▶ [WHAT YOU ARE ASKED TO DO] Your answer must be a word-for-word copy of the listing, with all pictures excluded.

▶ [DATA PROVIDED]
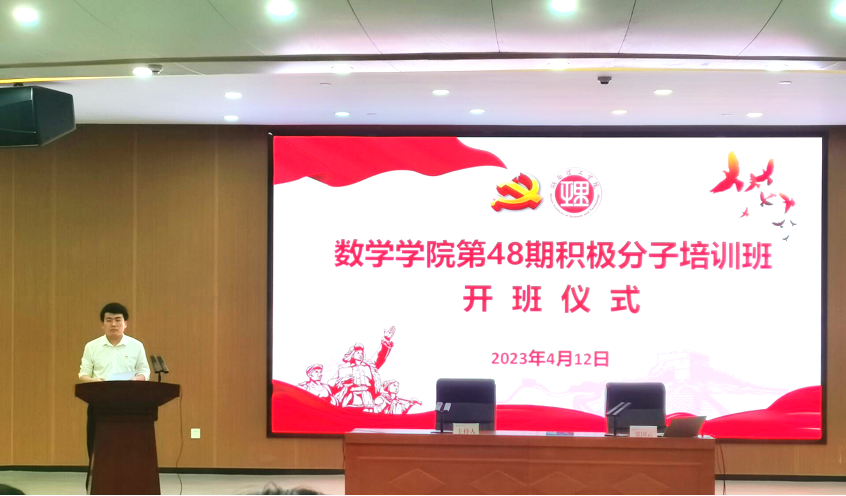 开班仪式在全体人员齐声高唱的《国际歌》歌声中开始,随后英国正版365官方网站第48期入党积极分子代表2022级员工汪俊炜就自身入党决心及今后的努力方向作了表态发言,最后齐亮菲就如何成为一名优秀党员进行了阐述并对48期积极分子及党员提出了具体要求。
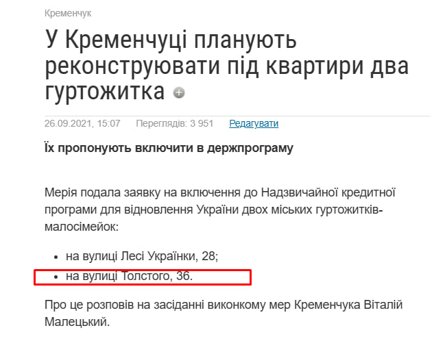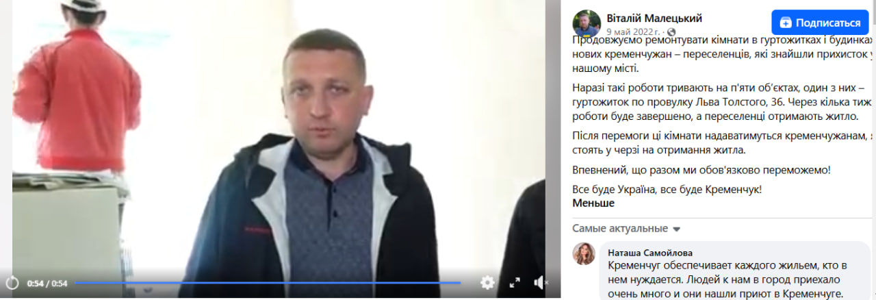 У травні 2022 року міський голова пан Малецький розміщує пост у соцмережах щодо гуртожитку по пров. Квітки Цісик 36 (Л. Толстого), де велись роботи з ремонту кімнат для переселенців. У проникливій промові «про все буде Кременчук» мер обіцяє, що після війни ці кімнати надаватимуться кременчужанам, які стоять у черзі на отримання житла. Пост засипали лайками та захопленими коментами, схожими на ботів.
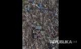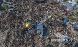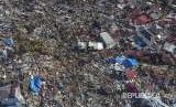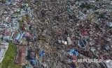 Foto udara rumah-rumah warga yang hancur akibat gempa 7,4 pada skala richter (SR) di Perumnas Balaroa, Palu, Sulawesi Tengah, Senin (1/10). (FOTO : Hafidz Mubarak/Antara)
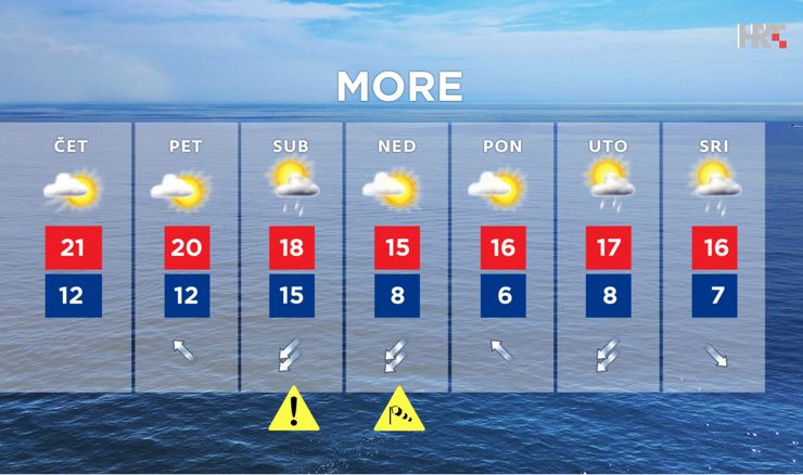 Još nestabilnije i svježije u gorju, dok će se do večeri u Istri i na sjevernom Jadranu još zadržati suho, pa i barem djelomice sunčano, uz slabo do samo rijetko gdje moguće umjereno jugo i južni vjetar, koji će malo do umjereno valovito more prouzročiti i na pretežno sunčanom srednjem Jadranu. U unutrašnjosti Dalmacije oblačnije uz mogućnost ponekog pljuska uglavnom uz granicu. Bit će i dalje razmjerno toplo, na još u petak sunčanome jugu Hrvatske uz temperaturu ujutro uglavnom 12 do 15 °C, poslijepodne uz slabo do umjereno jugo – 19, 20 °C.

▶ [ANSWER AREA]
 开班仪式在全体人员齐声高唱的《国际歌》歌声中开始,随后英国正版365官方网站第48期入党积极分子代表2022级员工汪俊炜就自身入党决心及今后的努力方向作了表态发言,最后齐亮菲就如何成为一名优秀党员进行了阐述并对48期积极分子及党员提出了具体要求。
 У травні 2022 року міський голова пан Малецький розміщує пост у соцмережах щодо гуртожитку по пров. Квітки Цісик 36 (Л. Толстого), де велись роботи з ремонту кімнат для переселенців. У проникливій промові «про все буде Кременчук» мер обіцяє, що після війни ці кімнати надаватимуться кременчужанам, які стоять у черзі на отримання житла. Пост засипали лайками та захопленими коментами, схожими на ботів.
 Foto udara rumah-rumah warga yang hancur akibat gempa 7,4 pada skala richter (SR) di Perumnas Balaroa, Palu, Sulawesi Tengah, Senin (1/10). (FOTO : Hafidz Mubarak/Antara)
 Još nestabilnije i svježije u gorju, dok će se do večeri u Istri i na sjevernom Jadranu još zadržati suho, pa i barem djelomice sunčano, uz slabo do samo rijetko gdje moguće umjereno jugo i južni vjetar, koji će malo do umjereno valovito more prouzročiti i na pretežno sunčanom srednjem Jadranu. U unutrašnjosti Dalmacije oblačnije uz mogućnost ponekog pljuska uglavnom uz granicu. Bit će i dalje razmjerno toplo, na još u petak sunčanome jugu Hrvatske uz temperaturu ujutro uglavnom 12 do 15 °C, poslijepodne uz slabo do umjereno jugo – 19, 20 °C.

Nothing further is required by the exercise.